→ **PROBLEM**
Reproduce only what runs from the line containing "An ant isolated" to the line containing "Table 3 shows" in the records below, inclusive. Keep it exact, and keep the pictures out.

→ **TASK MATERIAL**

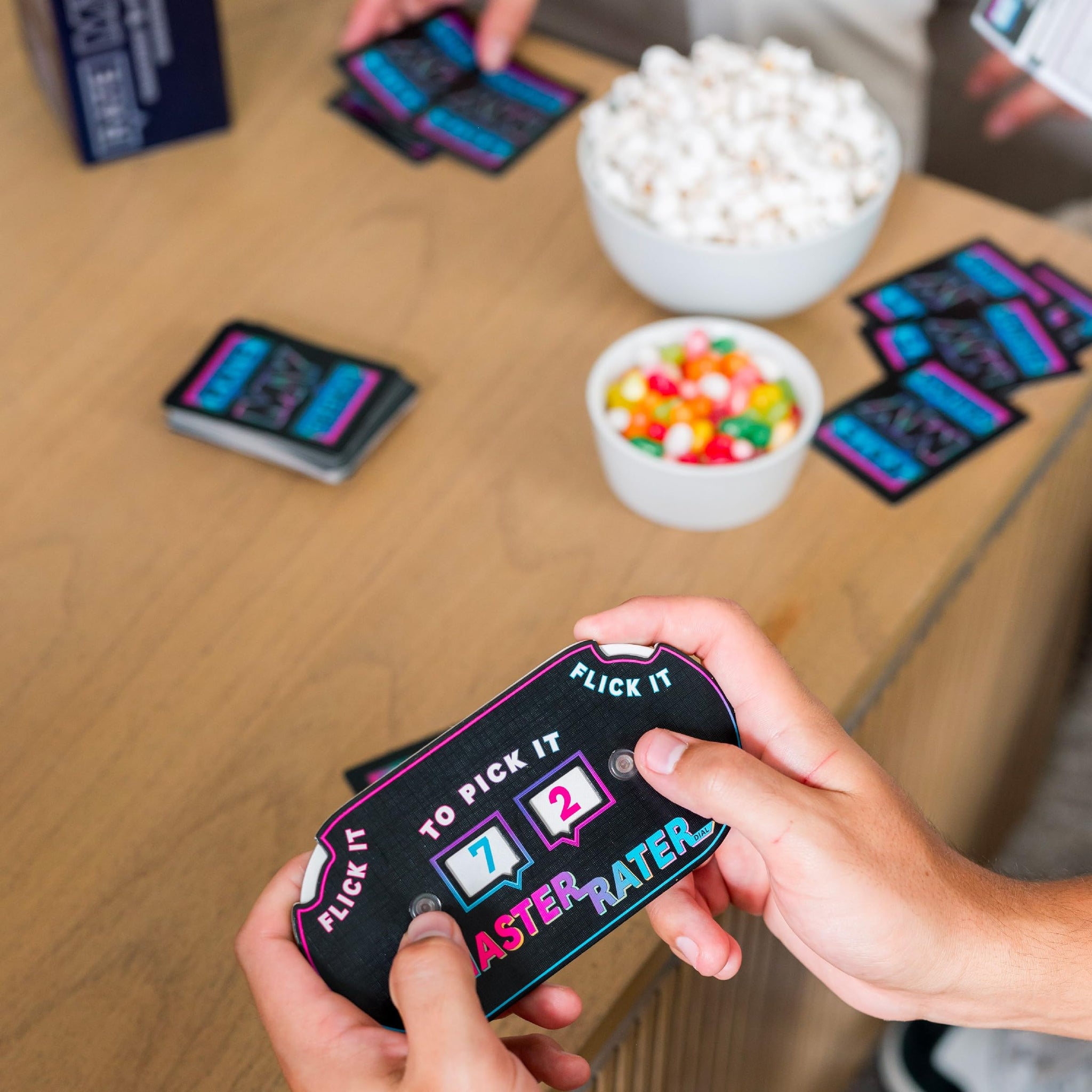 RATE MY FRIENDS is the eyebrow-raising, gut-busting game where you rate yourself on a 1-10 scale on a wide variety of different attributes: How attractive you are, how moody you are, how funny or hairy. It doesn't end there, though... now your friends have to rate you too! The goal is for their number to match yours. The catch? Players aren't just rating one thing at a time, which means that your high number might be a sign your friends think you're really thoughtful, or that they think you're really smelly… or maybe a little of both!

==

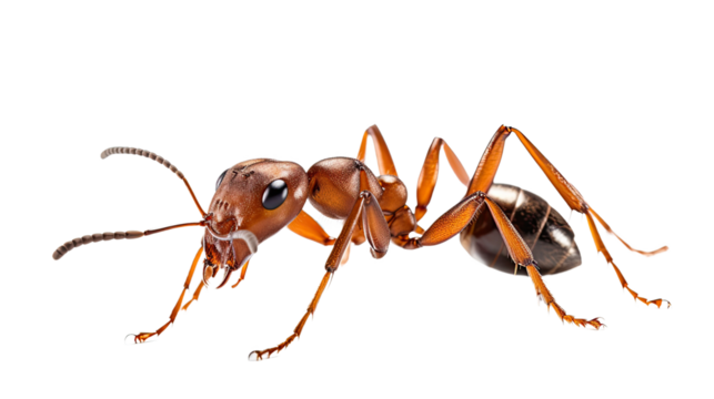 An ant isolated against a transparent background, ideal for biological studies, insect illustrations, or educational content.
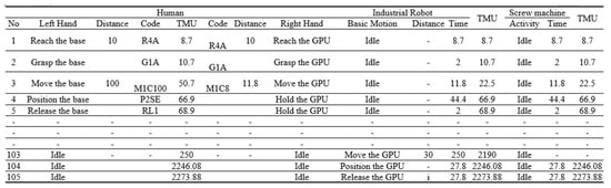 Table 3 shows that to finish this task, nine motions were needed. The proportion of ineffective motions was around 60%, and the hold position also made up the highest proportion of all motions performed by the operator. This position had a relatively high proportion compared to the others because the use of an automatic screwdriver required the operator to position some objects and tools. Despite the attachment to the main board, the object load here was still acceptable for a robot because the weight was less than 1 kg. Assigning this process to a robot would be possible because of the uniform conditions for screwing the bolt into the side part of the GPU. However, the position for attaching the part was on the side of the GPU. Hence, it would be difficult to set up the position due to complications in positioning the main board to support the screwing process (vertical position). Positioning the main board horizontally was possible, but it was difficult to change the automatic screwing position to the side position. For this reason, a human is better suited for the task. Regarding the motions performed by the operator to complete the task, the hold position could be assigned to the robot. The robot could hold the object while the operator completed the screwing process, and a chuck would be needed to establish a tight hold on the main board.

→ **WRITTEN SOLUTION**
 An ant isolated against a transparent background, ideal for biological studies, insect illustrations, or educational content.
 Table 3 shows that to finish this task, nine motions were needed. The proportion of ineffective motions was around 60%, and the hold position also made up the highest proportion of all motions performed by the operator. This position had a relatively high proportion compared to the others because the use of an automatic screwdriver required the operator to position some objects and tools. Despite the attachment to the main board, the object load here was still acceptable for a robot because the weight was less than 1 kg. Assigning this process to a robot would be possible because of the uniform conditions for screwing the bolt into the side part of the GPU. However, the position for attaching the part was on the side of the GPU. Hence, it would be difficult to set up the position due to complications in positioning the main board to support the screwing process (vertical position). Positioning the main board horizontally was possible, but it was difficult to change the automatic screwing position to the side position. For this reason, a human is better suited for the task. Regarding the motions performed by the operator to complete the task, the hold position could be assigned to the robot. The robot could hold the object while the operator completed the screwing process, and a chuck would be needed to establish a tight hold on the main board.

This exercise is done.